I also understood it fine, but maybe we both just remember the Adobe demo that vunderba mentioned. I guess it might not be so obvious if you don't know about that?
On the other hand it does say "not waveform" which I think makes it pretty clear. What would you suggest instead?
Also, there's often no perfect combo of words, there's a spectrum of options and you just pick an operating point. Transcription is a longer word than "word" so there's a tradeoff. It doesn't feel like a chasm to me.
I’m genuinely curious what you were trying to convey by completing your, totally valid, disagreement with “so whatevs”? I believe this is the part that’s perceived as rude because the expansion of that, “whatever”, is often further expanded as the sarcastic form of “whatever you say”.
I was going for something between YMMW and "whatever you say." The slight tilt toward the latter was received poorly ¯\_(ツ)_/¯ It's just how I talk. Maybe it's generational.

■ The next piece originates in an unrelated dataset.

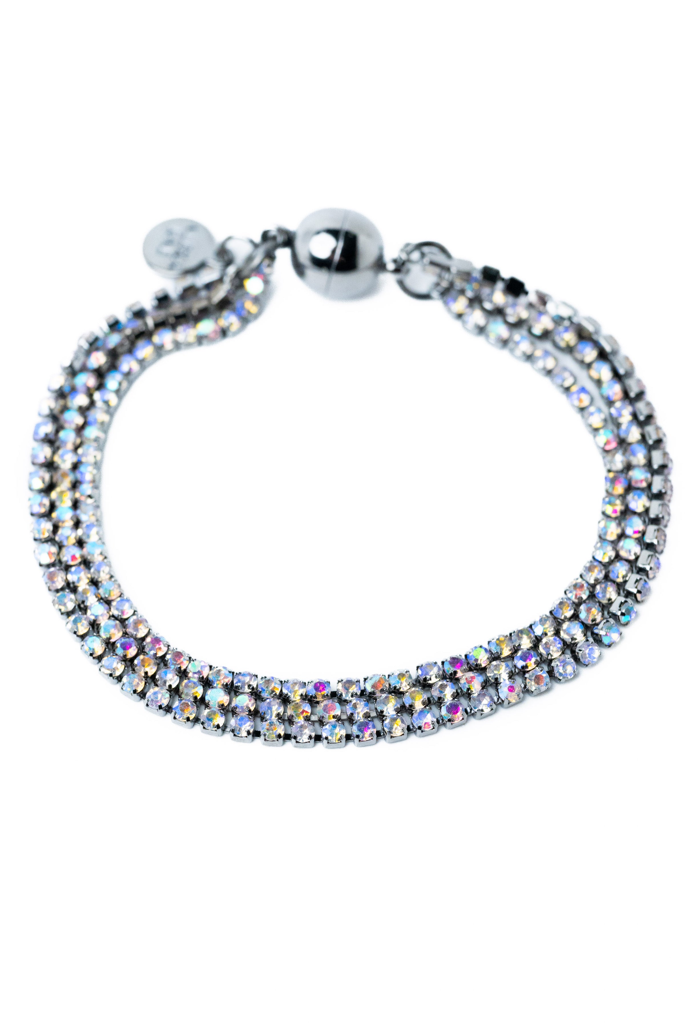Level up your accessory game with our Stitches Bracelet Set! Featuring the most perfect gunmetal AB shine that effortlessly complement any outfit, these bracelets are super lightweight and comfortable for all-day wear. The innovative magnetic clasp makes them a breeze to slip on, and the versatile design means you can stack, mix, or wear solo for instant style. Chic, bold, and totally statement-worthy!
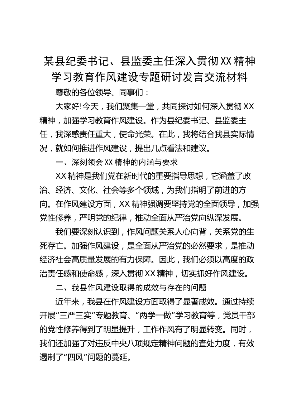 某縣紀(jì)委書記、縣監(jiān)委主任深入貫徹XX精神學(xué)習(xí)教育作風(fēng)建設(shè)專題研討發(fā)言交流材料2VIP免費(fèi)

To be fair, I didn't read it as condescending. This
I understood it as a generic statement ender, like "idk" or "ymmv" or "i guess", i.e. something that you put at the end of a sentence when you don't know what more to say. Maybe it actually is generational?
in some context "whatever" can be it evens out, but in others it can be "your opinion doesn't matter".
At any rate when I first read it I thought it was going to be some sort LLM thing where you said "remove the third bridge and increase pitch by one octave in the outro" and it would give you back an edited mp4 which you could then listen and cringe to and sometimes say "whoa, that's amazing!"
Uh, no I'm not. In my work world, disagreeing with "whatevs" would be considered rude and dismissive and would be called out.
Believe me, I don't care that you disagree. I just don't like to see people breaking the civility guidelines here as it's just about one of the last places online where discourse is largely held to a a civil level for disagreements.
I write copy professionally, among other things. If you don't care whether what you write is clear to almost all readers... then I suppose it doesn't matter. Most people do not want misunderstandings of their copy and most copy editors would flag that as unclear. The new version is much better.
> I just don't like to see people breaking the civility guidelines here as it's just about one of the last places online where discourse is largely held to a a civil level for disagreements.
I seriously disagree that this breaks any sort of social contract between you and I on the internet. It was intended to be mildly dismissive but not overly rude. There's a higher standard for communicating with care at work (you should care about your coworkers), but do you really think people on the internet have time for this shit? I don't know you guy.
It's not at all obvious. Given what we have seen recently, an equally plausible interpretation is "talk to an LLM and it will edit your audio" where audio could be anything.
It's not a good idea, but then tons of the LLM ideas we see here aren't either.
Can I ask what this tool does? I was trying to figure it out (the GitHub page isn't terribly clear) and came to the same conclusion you did (delete a chunk of the transcript and the tool would delete that audio).
I think I just lack experience in this area. I've used Audacity to cut out parts of audio / splice together two clips and that's about it, so I clearly don't have enough background to understand what this tool does.
Can someone clarify what this tool does, please? :)
It does exactly what you think it does. You can cut parts of the original file without having to edit the waveform (like you would in Audacity). Instead, select the parts directly just like you would in a text editor.
What it does not do is generate new words (ie you type a sentence and it adds that to your file as voice).
https://youtu.be/I3l4XLZ59iw
EDIT: I could also definitely see Audapolis being useful if you could integrate it into a podcast's post processing flow (volume normalization, de-essing) by recognizing certain verbal tics and automatically removing them from the audio such as "ummmm...", etc.